Table 4A Combinations of GA-OH with different standard treatments.
In the case of GA-OH and cetuximab or cisplatin, an equal potency combination schedule was used to mix the inhibitors with a potency (IC ₂₀ ) of reducing cell viability by 20% for each individual inhibitor. Regarding radiation, a synergistic effect was shown at a radiation dose of 2 Gy in combination with GA-OH, and the combination coefficients for all combination therapies were shown. The degree of synergy/addition/antagonism observed is indicated in the key below. CI represents a combination coefficient.

GA-OH that sensitizes cells to radiation
CCDP, cetuximab, and GA-OH were evaluated for their ability to sensitize HNSCC cell lines to photon radiation. Cells were treated with radiation using doses (0-4 Gy) and with one of CDDP, cetuximab, or GA-OH (Table 5 provides concentrations of various inhibitors).

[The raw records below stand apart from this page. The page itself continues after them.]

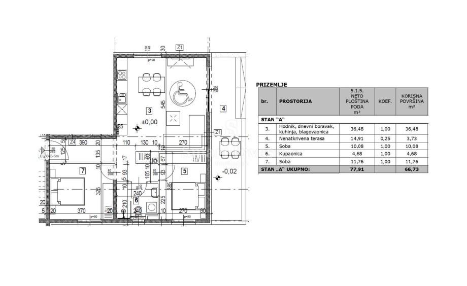 STAN A – neto korisne površine 66.73 m2 s pripadajućim vrtom of 206.70 m2 smješten je u prizemlju zgrade te priladođen potrebama osoba s ograničenom mobilnošću. Sastoji se od dnevnog boravka s kuhinjom i blagovaonicom, 2 spavaće sobe, kupaonice, te nenatkrivene terase od 14.91 m2 (koef. 0.25=3,73 m2). Stanu također pripada vrt površine 206.70 m2, spremište površine 2.3 m2 te parkirno mjesto od 12.48 m2, što sve čini ukupnu površinu stana i pripadaka od 91.67 m2.
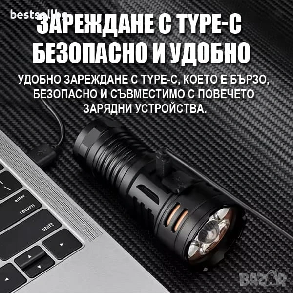 С Type-C порт, този Мощен ръчен фенер P35 се презарежда лесно за 3–5 часа, осигурявайки до 9 часа работа в зависимост от режима и батерията.
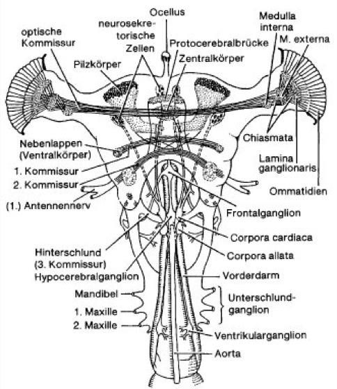 Oberschlundganglions, Supraoesophagealganglion, Cerebralganglion, der über dem Schlund (Pharynx) gelegene Gehirnteil des Zentralnervensystems der Gliedertiere. Bei den Gliederfüßern ( vgl. Abb. ) setzt es sich aus 3 Abschnitten zusammen, dem Protocerebrum, Deutocerebrum und Tritocerebrum. Das Protocerebrum ist Verschmelzungsprodukt des Ganglions des Akrons(Archicerebrum) und des 1. Kopf-Segments (Prosocerebrum). Funktionell bildet es eine völlige Einheit. Es ist das Verarbeitungszentrum aller höheren Sinnesfunktionen sowie das entscheidende Steuerzentrum der meisten komplexeren Verhaltensweisen. Es innerviert die Komplexaugen und hat im Lobus opticus 3 Verschaltungszentren (bei Höheren Krebstieren [Malacostraca] 4): von außen nach innen die Lamina ganglionaris (Periopticon, Ganglienplatte), Medulla externa (Epiopticon, äußeres Marklager) und Medulla interna (Lobula, Opticon, inneres Marklager). Rechter und linker Lobus opticus sind über die Augenkommissur verbunden. Die 3 (oder selten 4) Stirnaugen (Ocellen, Naupliusaugen, Medianaugen; Einzelaugen) werden von einem median gelegenen Ocellarganglion innerviert. Bei Höheren Insekten ist dieses nicht deutlich abgegrenzt. Weitere Verschaltungszentren im Protocerebrum sind die Pilzkörper (Corpora pedunculata), die in Abhängigkeit von der Größe der Komplexaugen und der "Intelligenz" sehr verschieden groß sein können. Histologisch haben sie oft eine Pilzform (Name!). Ein Pilzkörper besteht aus einem oder mehreren Stielen (Pedunculus), die zum sog. Balken umbiegen. An der Spitze ist eine becherförmige Fasermasse (Becher, Calix) ausgebildet. Zwischen den beiden Pilzkörpern befinden sich die unpaare Protocerebralbrücke (Pons protocerebralis) und der Zentralkörper (Corpus centrale) als weitere Glomeruli (Verschaltungszentren). Unter den Pilzkörpern liegen paarig kleinere Zentren, die Ventralkörper, die über die Protocerebralkommissur verbunden sind. Diese ist die 1. Kommissur, d.h. diejenige zwischen den beiden Ganglien des 1. Segments des Kopfes (Prosocephalon). Über die genaueren Funktionen all dieser Zentren ist man bis heute nur wenig unterrichtet. – Das Deutocerebrum, das dem Protocerebrum eng angegliedert ist (primäres Syncerebrum), ist das Verschaltungszentrum für die 1. Antennen. Zwischen den beiden mächtigen Glomeruli verläuft die 2. Kommissur. – Das Tritocerebrum innerviert bei Krebstieren die 2. Antennen, bei Spinnentieren die Cheliceren. Bei den Monantennata (Tracheata) fehlt die zu innervierende Extremität (= 2. Antenne). Bei Insekten ist es der Ursprungsort für die Frontalkonnektive – Nerven, die den Labrumnerv abzweigen und die Verbindung mit dem Frontalganglion herstellen. Letzteres kleine Ganglion liegt vor dem Oberschlundganglion und ist das übergeordnete Zentrum des stomatogastrischen Nervensystems. Das Tritocerebrum vereinigt sich ontogenetisch erst mit dem primären Syncerebrum, wenn das Stomodaeum (Vorderdarm; Mundbucht) bereits eingestülpt ist. Dementsprechend bleibt seine Tritocerebralkommissur (= 3. Kommissur) hinter dem Pharynx, den sie daher ventral als Schlinge umfaßt. Die vom Tritocerebrum abgehenden Konnektive stellen die Verbindung zum Unterschlundganglion dar. Cerebralganglion, Gehirn (Abb.), Nervensystem, Schlundring; üß Gliederfüßer I .

Colonies were counted after 14-21 days and normalized to vehicle control and viability analysis was performed. Figures 11A ^- 11D show the radiation response ( ^radio- This is a graphical representation of the response measured by MTT assay. The combination of CCDP and radiation shows sensitization in all cell lines, regardless of HPV status. Cisplatin shows the greatest sensitization. Figures 11E-12H show the radiological response of HPV ⁻ cell lines (SCC19 and SCC29) and HPV ⁺ cell lines (SCC47 and SCC104) treated with either vehicle alone or cetuximab after photon irradiation, measured by MTT assay. It is a graph display. Cetuximab also shows sensitization independent of HPV status. It shows the least sensitization. Figures 12A-12D show the radiation response in MTT assays when HPV ^- cell lines (SCC19 and SCC29) and HPV ⁺ cell lines (SCC47 and SCC104) were treated with either vehicle alone or GA-OH after photon radiation. This is a graph display of the measurements. GA-OH is most sensitizing in HPV ⁺ cell lines.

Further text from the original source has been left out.